For specific values of $E_{0z},~E_{0y}$ and $\delta$ , the polarization ellipse takes on special forms.

If $E_{0z}=0$ , then we will have vertical linear polarization. If $E_{0y}=0$ , then we will have horizontal linear polarization. This maps to the Stokes Q plane.

If $E_{0z}=E_{0y}$ and $\delta =0,~\pi$ , then the light will be linear $\pm 45^{\circ }$ polarization. This maps to the Stokes U plane.

If $E_{0z}=E_{0y}$ and $\delta =\pi /2,~3\pi /2$ , then the light will be circularly polarized. If $E_{z}$ is advanced by $\lambda /4$ , then the light will be right circularly polarized. If $E_{y}$ is advanced by $\lambda /4$ , then the light will be left circularly polarized. This maps to the Stokes V plane.

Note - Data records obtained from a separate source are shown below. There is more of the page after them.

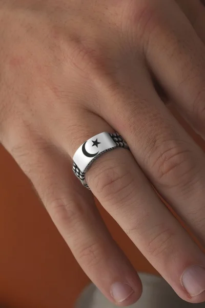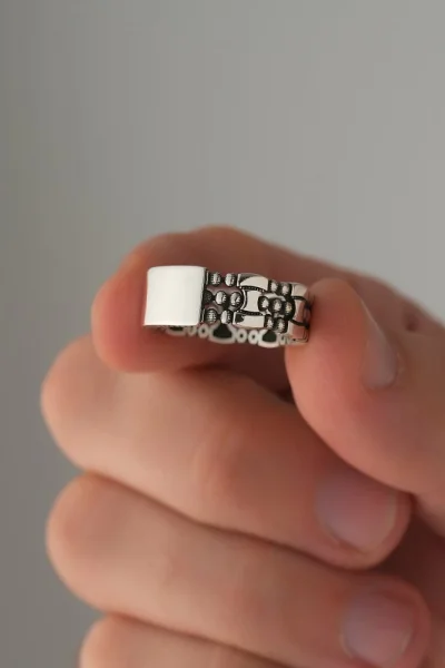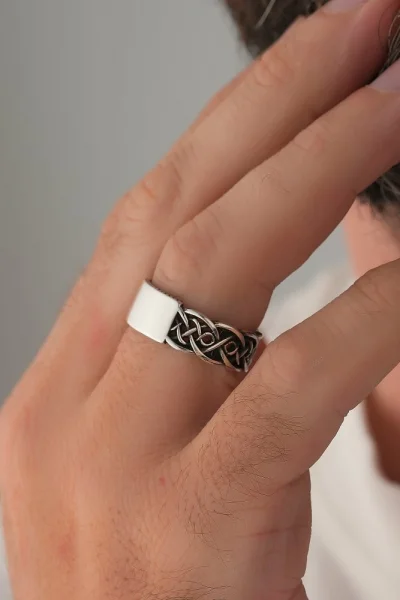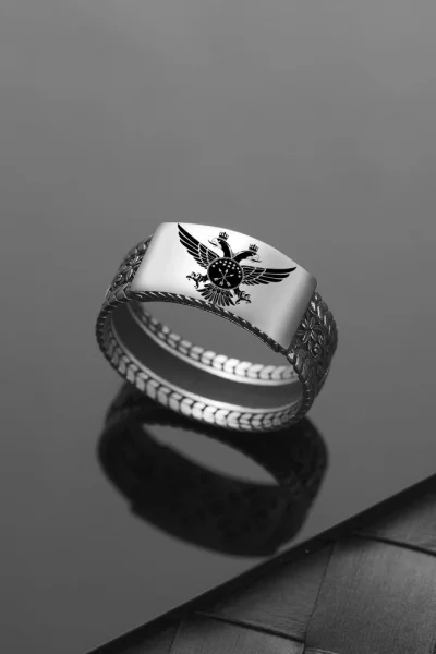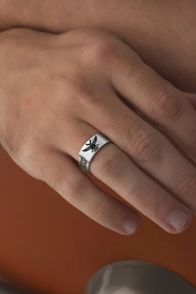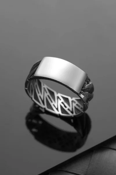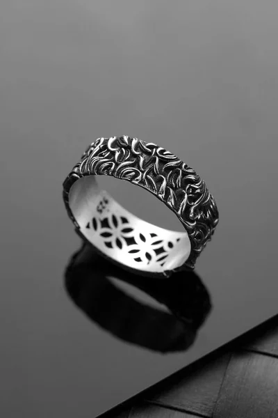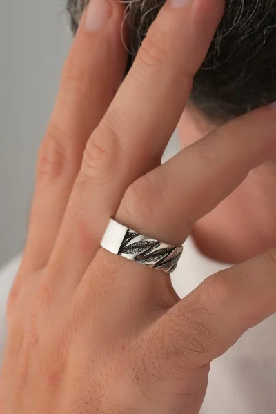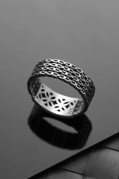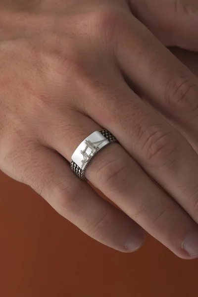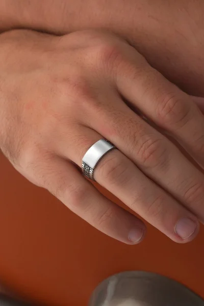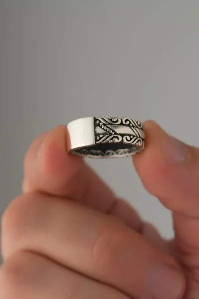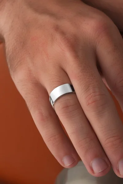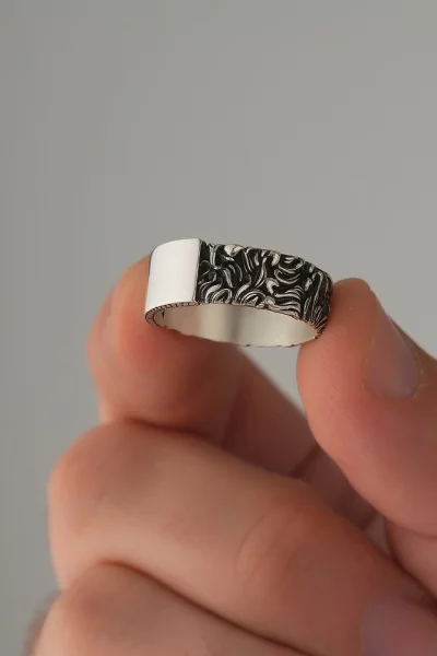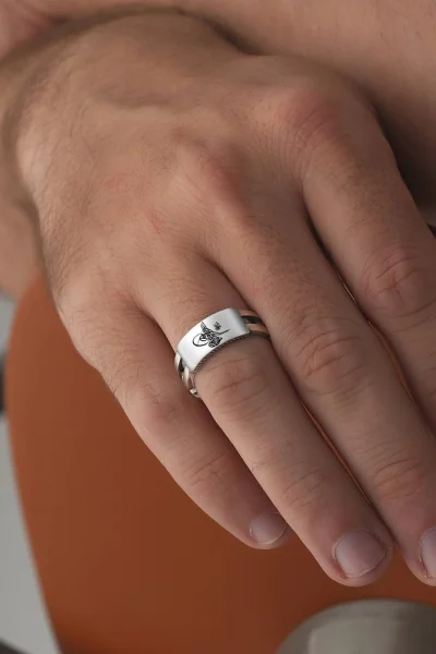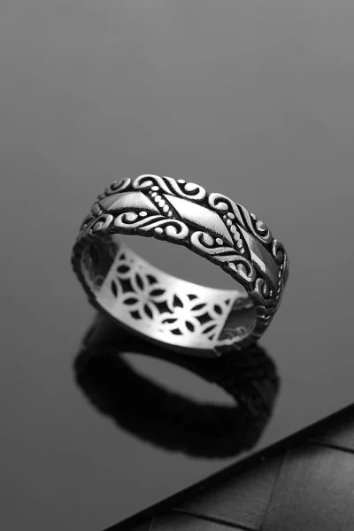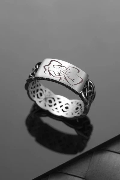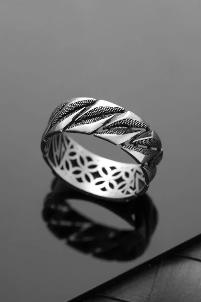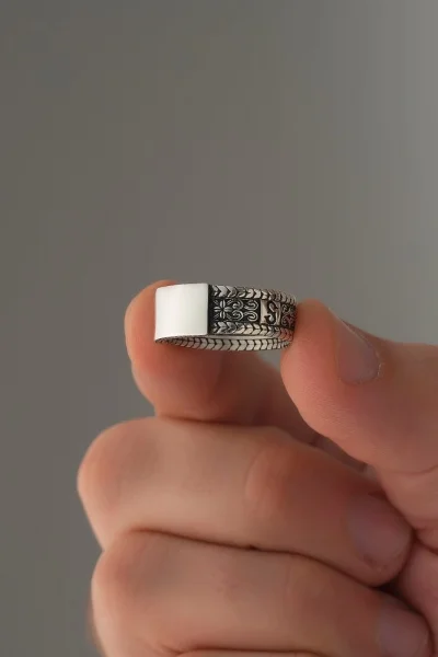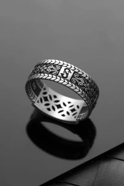 925 Ayar Gümüş Motifli Üstü Kişiselleştirilebilir Erkek Yüzüğü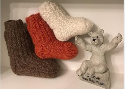 Knitting pattern for a cute little baby sock and mitten set. The lovely natural yarn used is not only cosy but very stretchy too. It would make a lovely set to welcome a new baby to the world! The largest size of mitten has thumbs.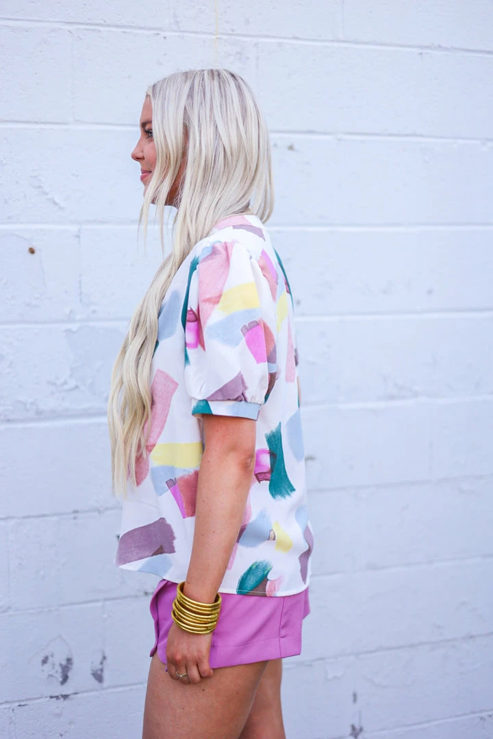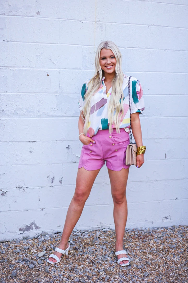 How pretty is this abstract painted print top!? Perfect for the upcoming seasons… just add your favorite jeans and booties, then shorts and sandals as the weather warms. Featuring a v neckline and gathered detail on the cuffed short sleeves. So cute! Colors: ivory, dark pink, dark blush, eggplant, sky blue, dark teal, and yellow.Â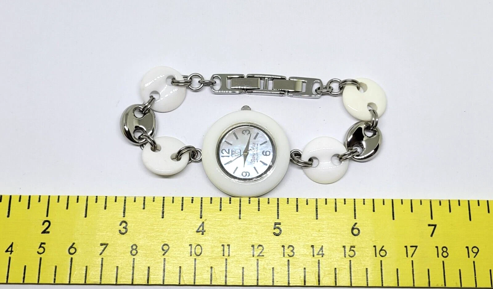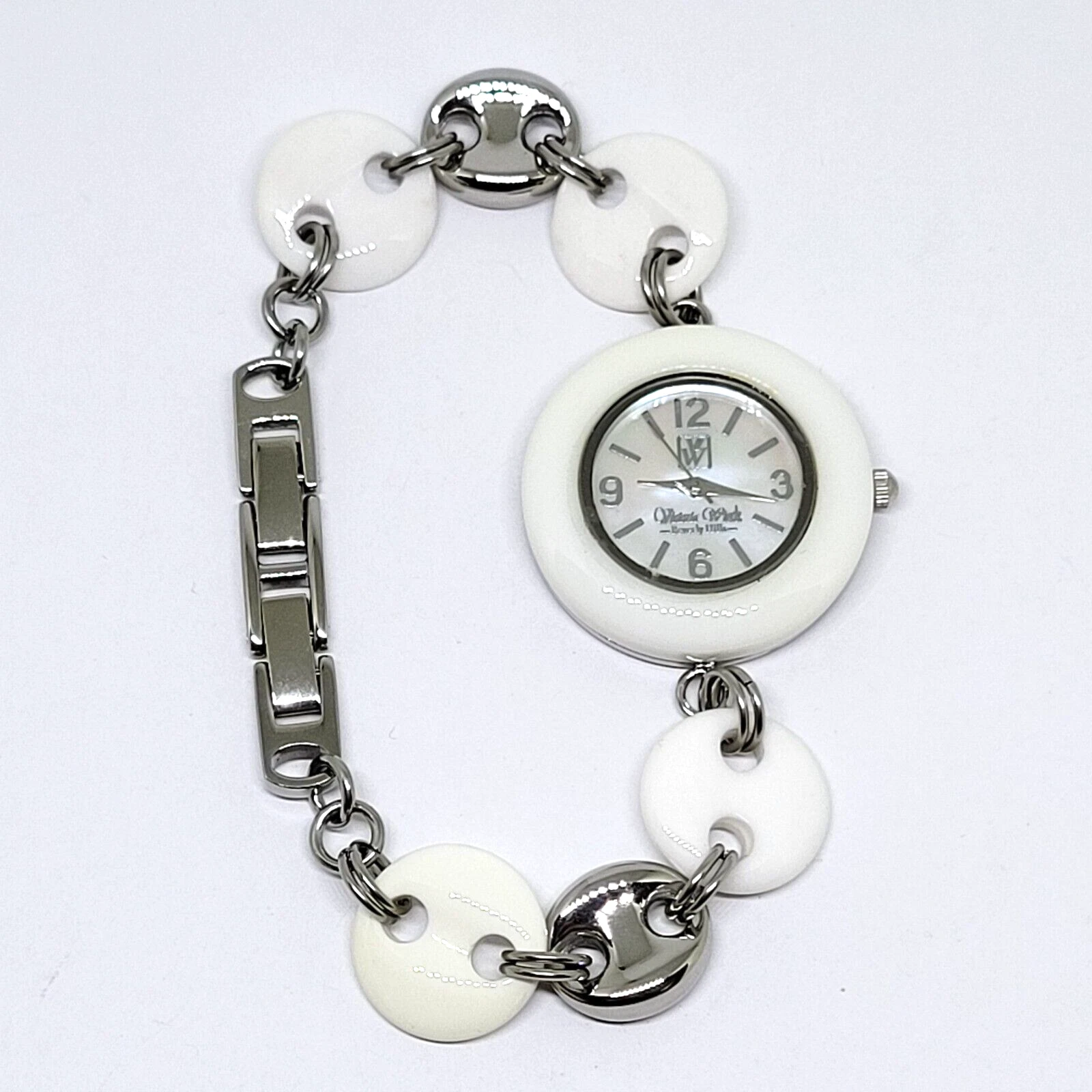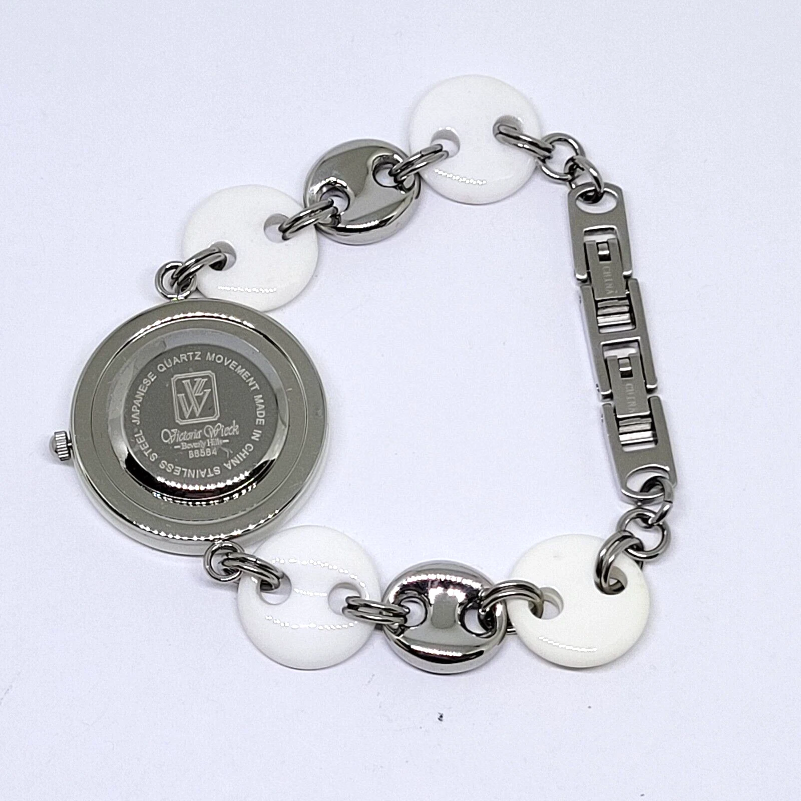 Victoria Wieck Silver Tone White Onyx Mother of Pearl Watch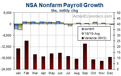 For disruptions to employment from weather as gauged in the household survey, the biggest disruptions occur in the winter months generally with the average peaking in February. There is an additional climb through the late-summer months due to disruptive hurricanes in some years. The ten-year average number of people not working as a result of weather rises to 31k in August from 10k in July, 24k in June, and 42k in May.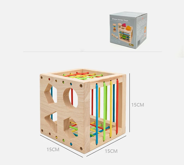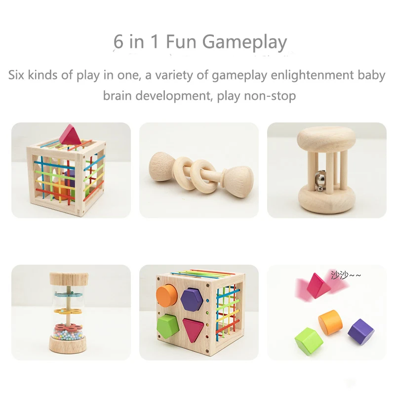 6-in-1 na Laruan para sa Bata, Maagang Edukasyon, Kahoy na Pambibilang ng Anyo (Shape Sorter Cube), Montessori na Laruan, Panlinang na Laruan sa Pagkatuto, Regalo para sa mga Babae at Lalaki na 2-4 Taong Gulang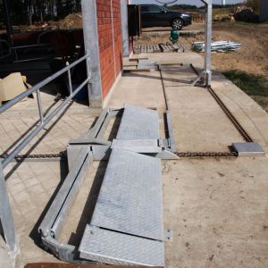 • Überfahrbarer Klappschieber, sog. Doppelklappschieber, der durch ein einfaches Scharnier zusammenklappbar
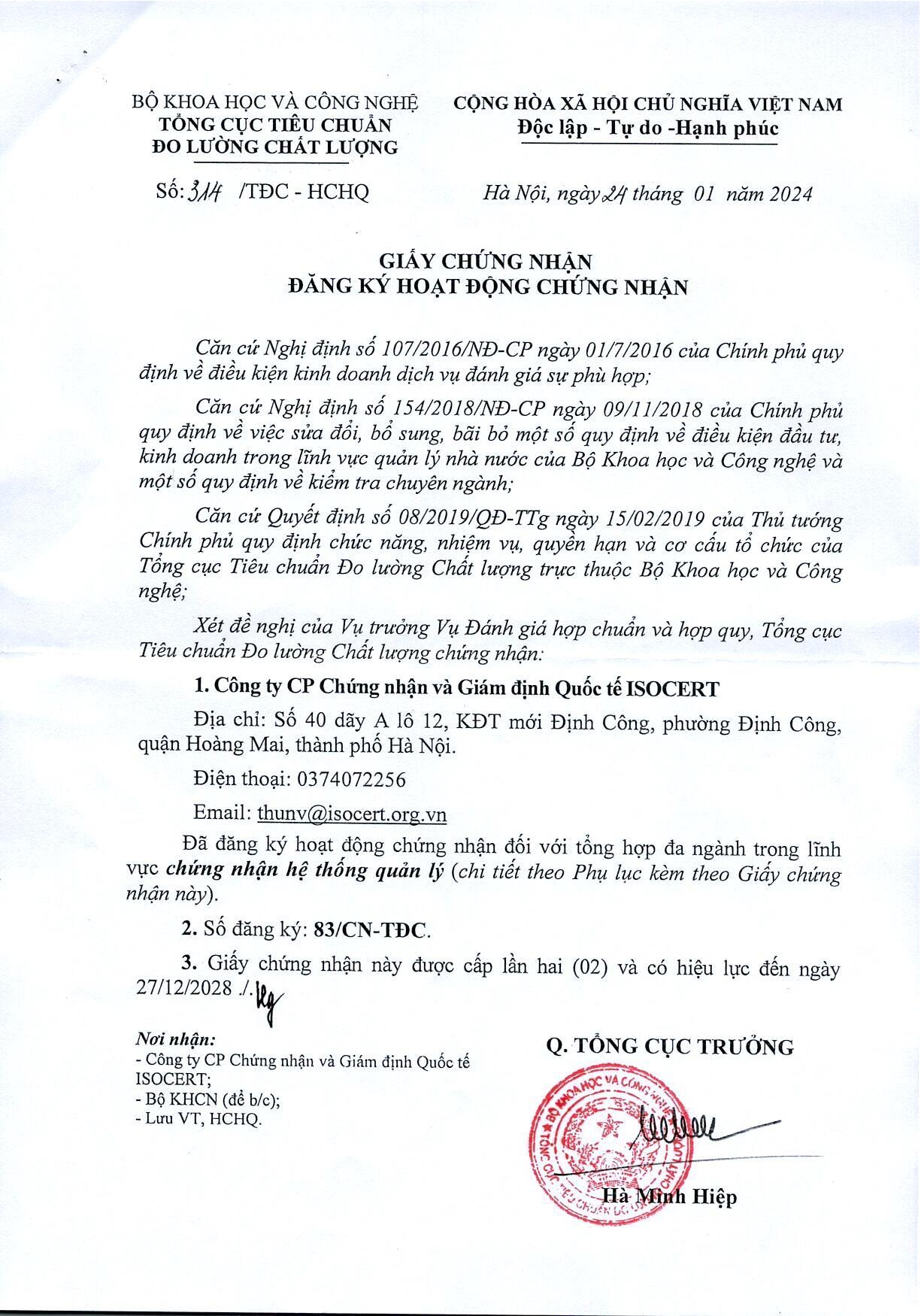Ngày 28/12/2023 và ngày 24/01/2024, Căn cứ Quyết định số 08/2019/QĐ - TTg, ISOCERT đã được Tổng Cục Tiêu Chuẩn Đo Lường Chất Lượng Thuộc Bộ Khoa Học Và Công Nghệ công nhận Chúng tôi đủ năng lực duy trì đánh giá và chứng nhận “Hệ thống quản lý TCVN ISO 9001/ ISO 9001 đối với tổng hợp đa ngành” và “chứng nhận đối với tổng hợp đa ngành trong lĩnh vực chứng nhận hệ thống quản lý” (Chi tiết giấy chứng nhận theo Phục lục dưới đây)

In all other cases, the light will be elliptically polarized.

### Methods of Polarization

#### Reflection

When light strikes a surface, its vertical elements will get refracted into the surface while its horizontal elements will reflect off of the surface. Therefore, reflection leads to linear polarization of the light.

#### Scattering

During a scattering interaction, the incoming light vibrates the scattering particles. This vibration causes the particle to act as an antenna, and re-radiate light that is polarized perpendicular to the original wave. This is why Earth’s blue sky is partially polarized – even though the original light from the Sun is unpolarized, the scattering interactions in the atmosphere lead to partial linear polarization of the light!

#### Absorption

Polarizing absorptive filters work by absorbing one component of polarization while transmitting the perpendicular component. The intensity of the transmitted light then depends on the the relative orientation of the polarization direction of the incoming light and the polarization axis of the filter. These are made from dichroic materials – materials which have different absorption for perpendicular polarization modes, the most common of which is polaroid material, used in the manufacturing of polarized lenses for sunglasses.

#### Magnetic Fields

Polarization often arises due magnetic fields. For instance, the presence of a magnetic field can cause one component of an electric field to lag. This leads to a rotation in the phase of linearly polarized light. This phenomenon is called Faraday rotation. Also see Cyclotron and Synchrotron polarization and Zeeman splitting.